I've just been explicitly calling group and sort for every query on my data. That fixes the issue. Really annoying it's required, but I don't think we'll be getting a real fix in influxdb 2.0.

brettbeeson commented 9 months ago

Hi!

I understand Flux is moving to maintenance, but I reckon this should be fixed, as it's a fundamental function of the engine. For example, calling last() should not return two values!

@Anaisdg Could you advocate for a fix?

Example with last() and the workaround (as mentioned above) works in my case:

...
|> last()
// returns 2 values!

...
|> map( fn: (r) => ({r with _time: if exists r._time then r._time else r._time })  )
|> last()
// returns 1 value
brettbeeson commented 7 months ago

Arrrggghhh... this caught me again! Maybe it's a sign I should give up on Influx and migrate to TimeScaleDB?

aas-hydrologiq commented 1 month ago

I ran into this when introducing more tags into a bucket (from 1 tag to 3 tags), so I presume it's the underlying data structure causing this.
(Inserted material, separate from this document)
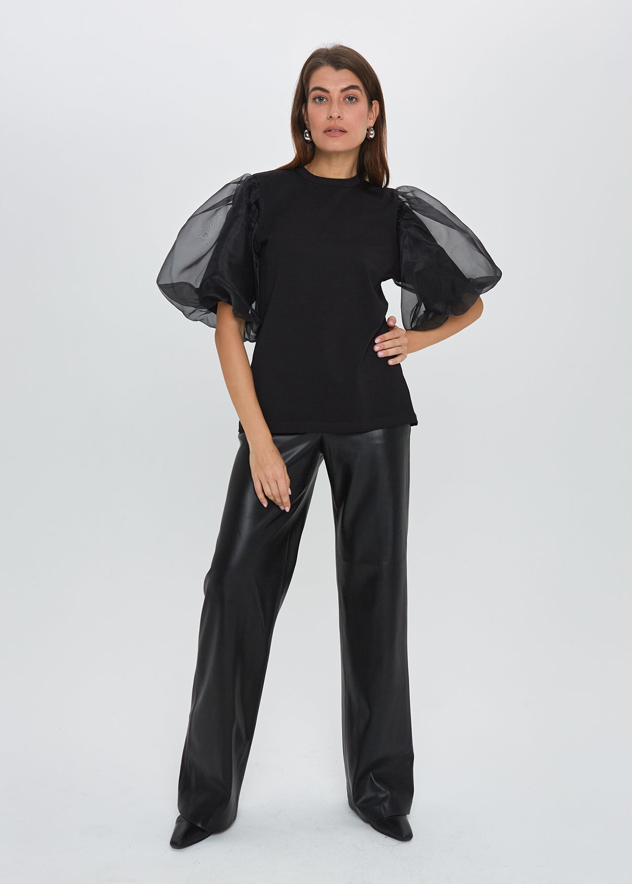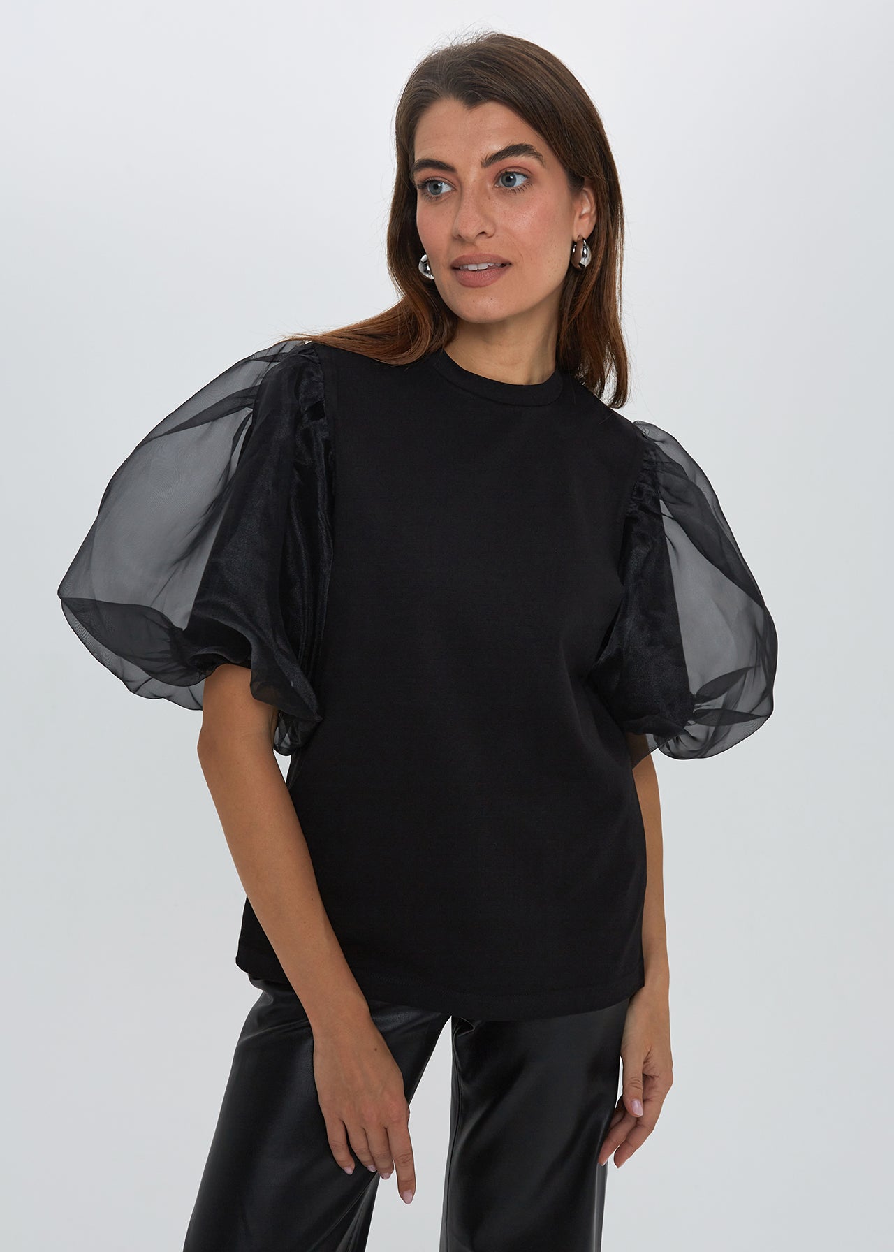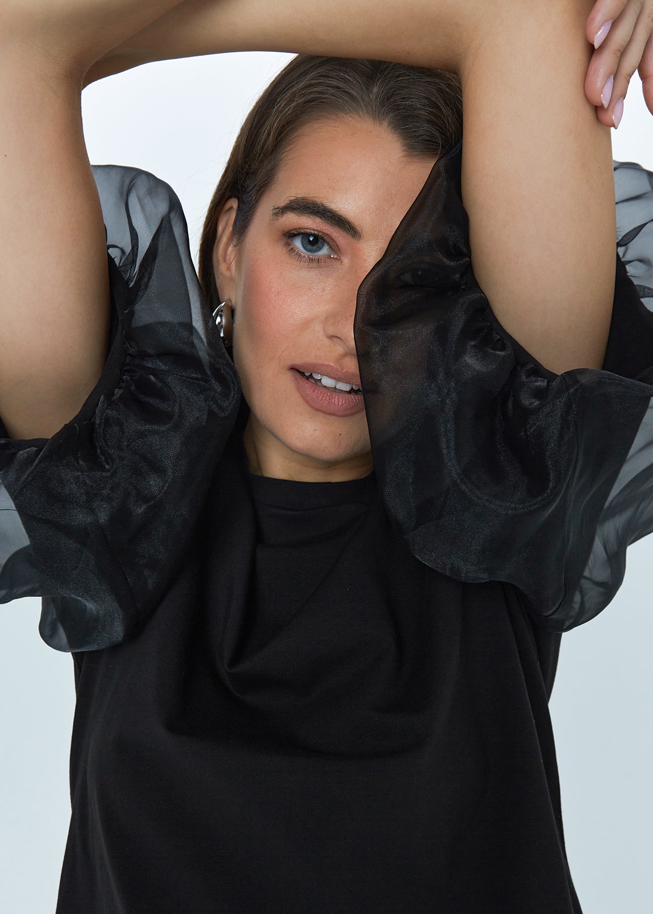 Oversized tipo marškinėliai (dydis S atitinka M) su kuriais jausitės ypač patogiai ir laisvai. O pūstos organzos rankovės suteiks puošnumo ir išskirtinumo jausmą. Šio modelio rankovės yra dvigubos - tai užtikrina maksimalų patogumą!

I found that the map and group/sort workarounds were massively decreasing the performance of the queries. An alternative workaround, which I've found to be more performant on my dataset is to make use of pivot and unpivot, an example is below.

import "experimental"
import "influxdata/influxdb/schema"

data |> schema.fieldsAsCols() |> experimental.unpivot()

I hope this will be fixed in flux but that seems unlikely. It would be good to understand the root cause and if there is a better workaround.